A consideração de cada área de interesse separadamente, com seus conceitos-cabeças e conceitos-terminais, facilita a análise do conteúdo e o encaminhamento da solução do problema. Cada área de interesse pode ser analisada como se fosse um mapa cognitivo independente, sob forma e conteúdo, mais eficazmente. Com base em Eden e Ackermann (1998) e resumidamente, apresentam-se alguns importantes indicadores que podem ser obtidos dos mapas cognitivos através da análise das áreas de interesse e de suas relações.

quanto às semelhanças das áreas de interesse, mutuamente exclusivas:

a) quando há forte inter-ligação interna de muitos conceitos, mutuamente exclusivos, em poucas áreas de interesse, o mapa cognitivo é indicativo de elevada rigidez e pensamento estratégico dogmático. A equipe decisora é centrada em um ponto de vista muito próprio com relação a estratégias futuras e de como usa-las. Aqui, há resistência a mudanças. São áreas de interesse monolíticas. Exigem um sobre-esforço psicológico do facilitador ao longo do processo de negociação.

b) quando há fraca inter-ligação interna entre muitos conceitos de muitas áreas de interesse é sinal de que as decisões serão tomadas através de uma série de saltos através de pontes entre as áreas de interesse. Por outro lado, havendo muitas áreas de interesse e muitas inter-ligações entre muitos conceitos, há sistemas bem articulados e mais abertos a mudanças.

c) a comparação entre as áreas de interesse de diferentes mapas cognitivos individuais possibilita a constatação de semelhanças e diferenças de estratégias emergentes, fato fundamental para a construção do mapa cognitivo congregado.

quanto à hierarquia dos conceitos nas áreas de interesse, não mutuamente exclusivas:

Aqui não há a preocupação de que cada conceito pertença a apenas uma área de interesse, mas sim, a de ordená-los hierarquicamente no mapa cognitivo.

a) o nível hierárquico de cada conceito na área de interesse é definido pela sua importância (potência), com base no domínio, centralidade e na análise de semelhanças (EDEN; ACKERMANN, 1998, p. 409).
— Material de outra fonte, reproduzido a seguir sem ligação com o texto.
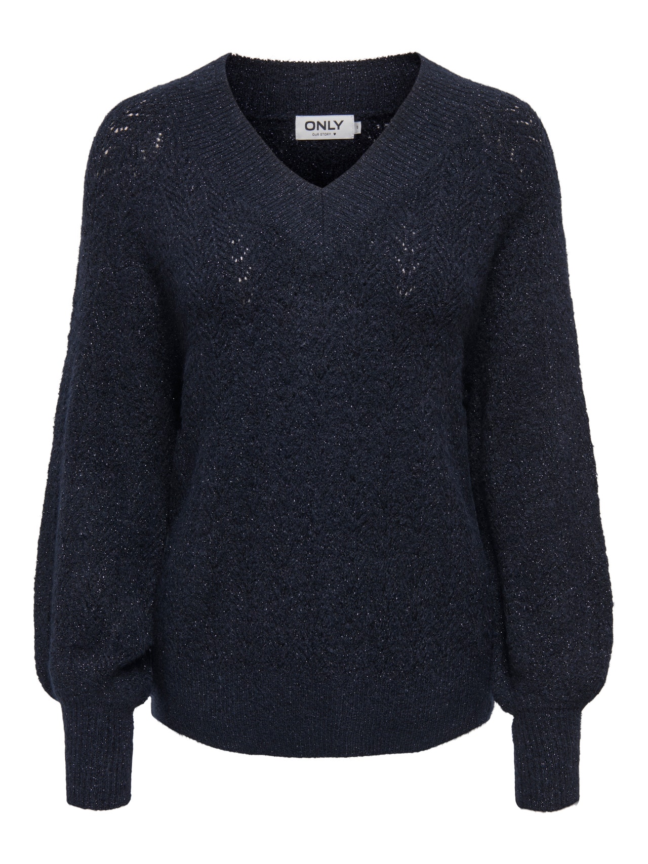 Pane oma ilmele punkt peale ajatu naiseliku kudumiga, lisades pehmust ja soojust. - Toote tüüp : Kootud pullover - Kaelaosa : V-kaelus - Varrukas : Pikad varrukad - Varrukad : Volüümikad varrukad - Mansetid : Kõrged mansetid - Täiendav info : Sädelev detail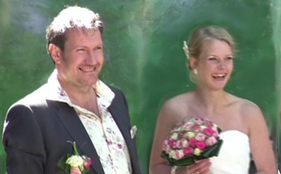 | Vrijdag 16 mei, 13:15 uur kwam letterlijk de huwelijksboot met meester Frido Schrauwen en zijn Marjo Melis met een happening op de Haagsemarkt. Frido, wat doet hij allemaal niet kun je beter zeggen, dan ben je vlug klaar. Schoolmeester, organisator, bouwer, muziekmaker, sfeermaker, beheerder... Marjo, ook niet onbekend in de carnavals-scène -ze was dit jaar een van de bloedmooie hofdames van de nieuwe Baron-met-de-lange-naam van 't Ginneken- en dochter van ex-baron Koen is de gelukkige.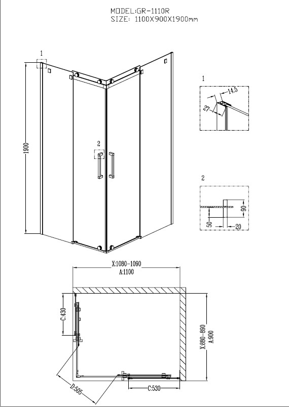 Душевой уголок Grossman Cosmo GR-1110R 110х90 правый двери раздвижные - цена 27550 руб. Оформить заказ и купить душевой угол Grossman Cosmo GR-1110R 110х90 правый двери раздвижные в Москве в нашем интернет магазине можно по тел 8 (919) 991-95-00 или добавив товар в корзину.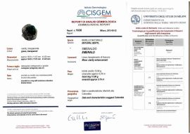 al centro uno smeraldo di 5.70 ct entro doppia cornice in brillanti e baguette dal profilo ondulato, corredato di certificato CISGEM n. 1630, datato 22/09/2015

b) os conceitos em posição hierárquica mais elevada apontam para os objetivos estratégicos, as aspirações maiores.

c) em princípio, cada conceito aponta uma influência ou suporte para a resolução de uma estratégia, com intensidade variável.

4.3.2.3 Análise avançada

A análise avançada do mapa cognitivo busca a definição dos eixos de avaliação do problema. Pode ser considerada um ajuste fino nas especificações dos seqüenciamentos alternativos hierarquizados dos conceitos dentro de cada área de interesse. É uma interpretação criteriosa da forma e conteúdo do mapa cognitivo. Segundo Ensslin et al. (1998), a análise avançada é realizada através da identificação dos seguintes elementos:

linhas de argumentação

Decorrem da análise da forma do mapa cognitivo, sendo cada uma delas constituída por uma cadeia de conceitos que são influenciados hierarquicamente superiores a um conceito terminal, chegando a um conceito-cabeça.

ramos

Resultam da análise do conteúdo do mapa cognitivo e são constituídos por uma ou mais linhas de argumentação, que demonstrem preocupações semelhantes sobre o contexto decisório.

Novamente, na Figura 4.18, por exemplo, para a estratégia B (consistência), podem ser identificadas as seguintes linhas de argumentação (LA) e ramos (R):

Linhas de

argumentação conceitos ramos argumentação linhas de

LA1 3-7-11-13-17-19 R1 LA1 e LA2

LA2 1-2-7-11-13-17-19 R2 LA3 e LA4

LA3 6-9-13-17-19

LA4 6-9-11-13-19

Quadro 4.3: Análise avançada do mapa cognitivo. Linhas de argumentação e ramos Fonte: análise do mapa cognitivo do autor-exemplo, Figura 4.18 - elaborado pelo autor

No mapa cognitivo em questão, mostrado na Figura 4.18, foi estabelecido o objetivo estratégico obter a validade científica da pesquisa no prazo regulamentar. A análise permite concluir que, para o problema em questão, adotando a estratégia B (consistência), através da realização de um levantamento completo das informações (conceito 13), um dos caminhos

(táticas) pode ser o ramo R1 adotar uma abordagem sistematizada (conceito 7). O outro caminho indicado é dado pelo ramo R2 racionalizar a revisão bibliográfica (conceito 9).

Essa fase encerra a análise do mapa cognitivo. Sobre os ramos identificados, dá-se seqüência à pesquisa com o estabelecimento e hierarquização dos objetivos, na visão da equipe decisora, assunto dos próximos itens.